Saturday, July 25

MEND not meeting to resume hostilities -Tompolo

Against fears that some former militants in the Niger-Delta region of Nigeria could begin hostilities using the Movement for the Emancipation of the Niger-Delta, MEND, a leader of the group, Chief Government Ekpemupolo, better known as Tompolo, has said the meeting he is conveying on Saturday 25 July is meant to sustain the peace existing in the region.

There had been fears of possible resumption of attacks on oil installations with many speculating that the meeting was being called for the purpose of commencing these hostilities.

Tompolo, in a statement, described the tension generated by the meeting as uncalled for, diversionary and mischievous as no evil is intended in whatever form.

“The nation would recall that in the build up to the Amnesty offer of the late president, Alhaji Umaru Musa Yar’Adua, there was hesitance on the part of most of Niger Delta agitators until God in His infinite mercy, granted me wisdom to provide leadership.
“The nation will also recall that under the Amnesty programme as inherited by the immediate past president, Dr.
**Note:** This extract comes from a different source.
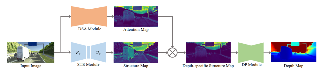 具体的研究思路是:考虑到人类视觉系统更依赖结构信息来进行感知,例如人可以从仅包含结构信息的草图中获取场景的深度信息,研究员们通过对图像中的结构信息和纹理信息进行解耦,先提取图像中的结构信息,去除无关的纹理信息,再基于结构信息进行深度估计。

Goodluck Ebele Jonathan, relative peace was enjoyed even as security of lives and property was enhanced to an appreciable level. Also, oil production increased from 700,000 barrels per day to 2.5million barrels per day.

“Put simply, hitherto aggrieved Niger-Delta youths who inadvertently became agitators, upon the acceptance of the Amnesty offer, refrained from armed agitation to face normal urban life.
“While some of us understand to an extent, the apparent delay in the continued payment of the monthly stipend to the ex-agitators in view of the seeming scrutiny of government agencies, including the Amnesty Office by the current administration, same cannot be said of the majority of beneficiaries of the Amnesty programme,” he said.

Continuing, Tompolo stressed: “to this extent, some of us, particularly myself and other leaders have been under intense pressure from ex-agitators commanders, individuals, parents and guardians as well as communities who are beneficiaries of the Amnesty programme.

“While a few see the delay in the payment of their monthly stipends in the light of the need for the current government to settle in properly, others see the delay as a template to stop the programme.
“The expulsion of some students (home and overseas) by their schools and training institutions particularly has heightened these fears. Hence, I thought it wise that a meeting of the collegiate leadership of the platform under which we operated as agitators could be convened to appraise the situation and possibly, explore means to douse the tension that is growing among the disarmed youths whose stipends (training allowances and tuition fees) have been delayed for months.

“This becomes more compelling in view of the fact that as leaders of the platform that served as midwife to the Amnesty offer, we owe the nation a duty to play our roles in order to stem a relapse of the relative peace in the Niger Delta region.”